Before then, of course, happy green thumbs are wandering through greenhouses and garden centres, as well as checking out events organized by traders. Cuttings traders, that is. There’s a plant and seed exchange in Saint-Denis-de-Brompton on Saturday, for example (organized by a resident of 110 rue de Laverdure, between 11 a.m. and 3 p.m.; a donation is requested if you want a plant but have nothing to exchange for it). Two days later, on the holiday Monday, May 20, you can drop off unwanted plants and buy inexpensive greenery at Sherbrooke’s Marche de la Gare from 8 a.m.; that event is co-sponsored by the environmental group Action Saint Francois.
But what to plant? For some, a garden is a means to a different end. “We all have our favorite birds, in backyards and in the wild. I’ve learned where they feel at home, and which plants they can’t resist. And I’ve put those lessons to work in every place I’ve lived, to bring the birds I like best to my own backyard.” And you can give it a try, as well, thanks to Sally Roth’s Bird-By-Bird Gardening: The Ultimate Guide To Bringing In Your Favorite Birds – Year After Year (2006).
Roth ‘s guide begins at woodpeckers — you can learn to tell them apart by the drumming sound they make as they have a go at the nearest tree.
If you don’t want to wait years for a stripling to grow, plant the biggest branch you can lift.
“Planting a dead tree will instantly catch a woodpecker’s attention.
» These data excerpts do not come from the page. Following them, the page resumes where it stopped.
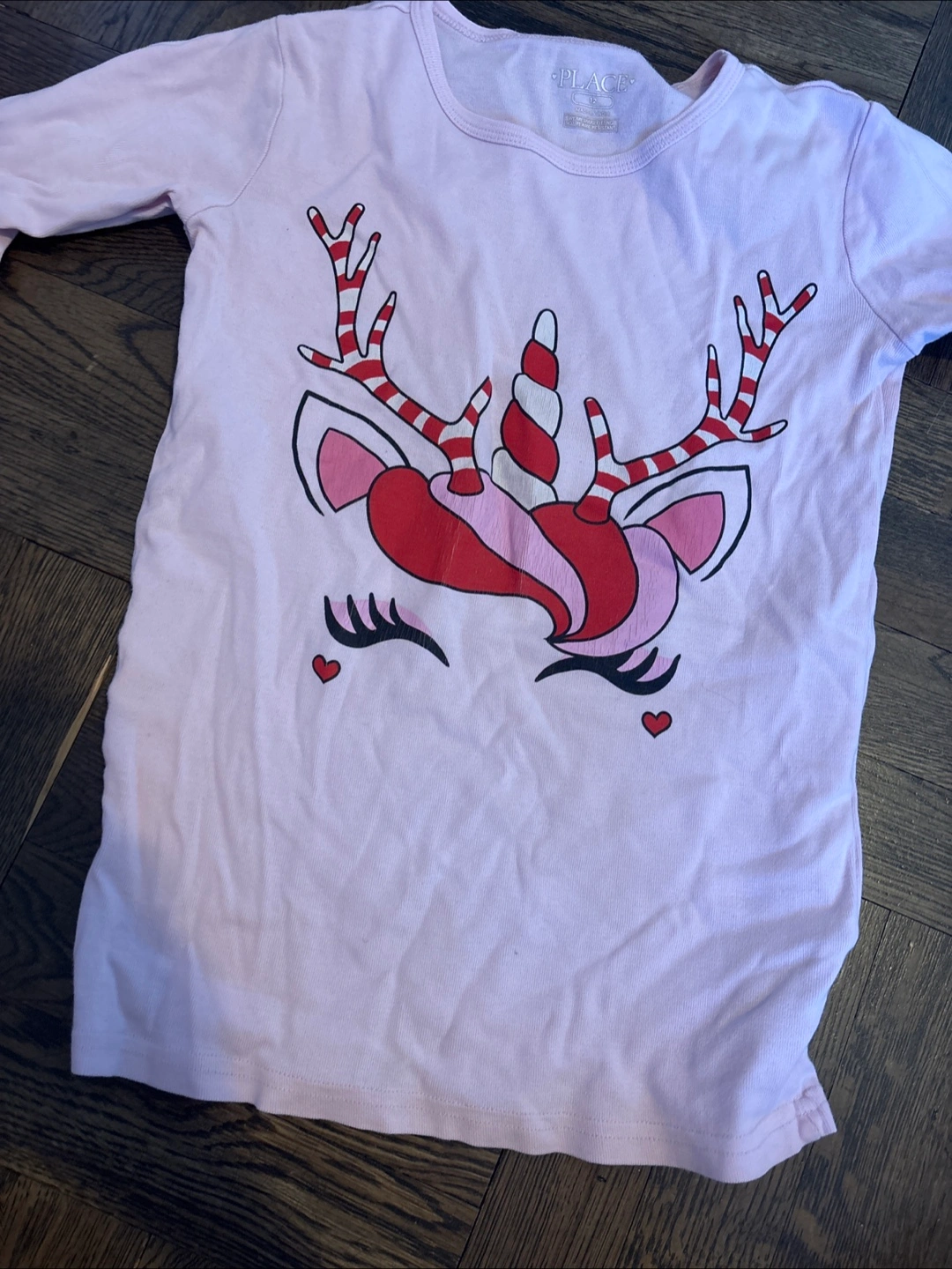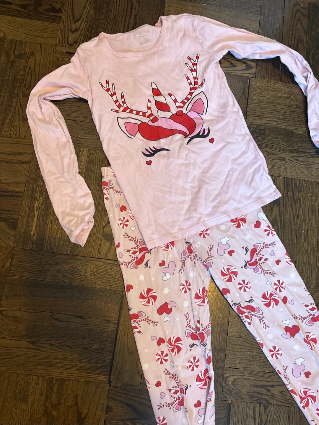 Long sleeve shirt and pants pajama set. Pink color. Features a cute unicorn/reindeer design with candy canes and hearts. Size 12.
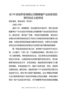 在XX扶贫开发有限公司揭牌暨产业扶贫项目签约仪式上的讲话.docx
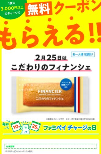 毎月10日,25日はファミペイチャージの日。 3,000円以上チャージするとなにかもらえます。 今日3/10は「かぶりつきカルパス」です。 これは初めてですね。おつまみ歓迎。 今回は500円玉と100円玉がたくさんあったので、現金でチャージしました。 クーポンが2…

I like to pick out real branches with graceful curves that look like garden art to my eye. Driftwood is my favorite find…. it’s usually sturdy enough to last a few years after ‘planting’.”
At almost 400 pages, there’s bound to be birds in this volume that you will want to share the summer with.
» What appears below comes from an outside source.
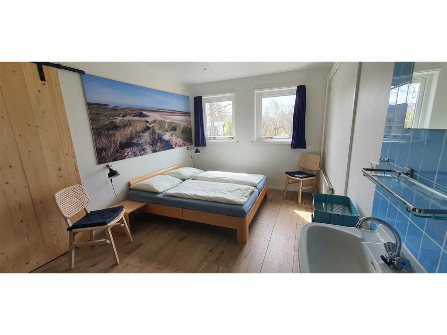 This holiday home is located in the quietly situated bungalow park Slufteroord, near the nature reserve De Slufter in the north of Texel. Through De Slufter, which is in open connection with the sea, you can walk to the vast North Sea beach in 20 minutes. Nearby you will also find the nature reserve De Muy. Here you can take beautiful walks. From your holiday address it is 6 kilometers to De Cocksdorp, the northernmost village on Texel. The seaside resort of De Koog is also 6 km by bike, but then to the south. Beautiful cycle routes through the dunes lead to both villages and you will find shops, terraces and restaurants there. In the immediate vicinity you will find a restaurant (750m) and various attractions, such as the airport, parachuting center and ice cream farm Labora.
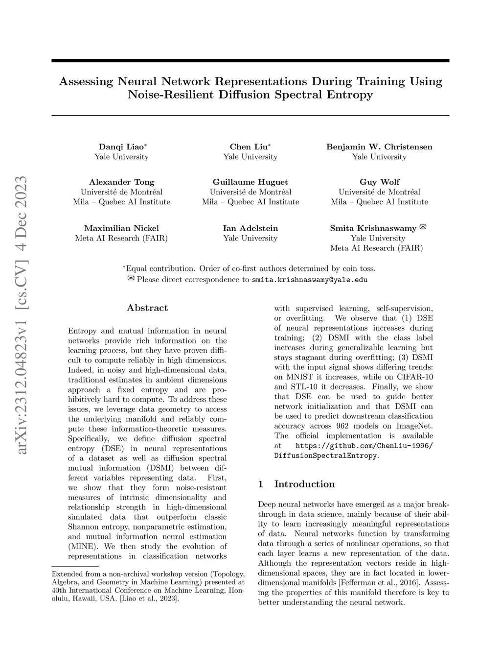 Entropy and mutual information in neural networks provide rich information on the learning process, but they have proven difficult to compute reliably in high dimensions. Indeed, in noisy and high-dimensional data, traditional estimates in ambient dimensions approach a fixed entropy and are prohibitively hard to compute. To address these issues, we leverage data geometry to access the underlying manifold and reliably compute these information-theoretic measures. Specifically, we define diffusion spectral entropy (DSE) in neural representations of a dataset as well as diffusion spectral mutual information (DSMI) between different variables representing data. First, we show that they form noise-resistant measures of intrinsic dimensionality and relationship strength in high-dimensional simulated data that outperform classic Shannon entropy, nonparametric estimation, and mutual information neural estimation (MINE). We then study the evolution of representations in classification networks with supervised learning, self-supervision, or overfitting. We observe that (1) DSE of neural representations increases during training; (2) DSMI with the class label increases during generalizable learning but stays stagnant during overfitting; (3) DSMI with the input signal shows differing trends: on MNIST it increases, while on CIFAR-10 and STL-10 it decreases. Finally, we show that DSE can be used to guide better network initialization and that DSMI can be used to predict downstream classification accuracy across 962 models on ImageNet. The official implementation is available at https://github.com/ChenLiu-1996/DiffusionSpectralEntropy.

Or perhaps you’ve already spent a bit of time planting over the years. But you just can’t seem to get one species to settle in. Leaves die, bushes are sickly small, flowering trees stubbornly refuse to show their colours. It’s time for The Reader’s Digest Garden Problem Solver: The Ultimate Troubleshooting Guide For Successful Gardening (2004).
This is another encyclopedic overview, and American in focus. But that doesn’t matter so much. It’s easy to find your hardiness zone, which is the grade that identifies your climate and what plants best survive. Sherbrooke is a 4b.
Don’t have a backyard? No space for a big den? Check out the Lennoxville Library’s garden section, which includes tips on planting in small containers (a window sill, the porch, a sunny spot in kitchen). Everyone has room for a little pot of fresh basil to brighten home and supper.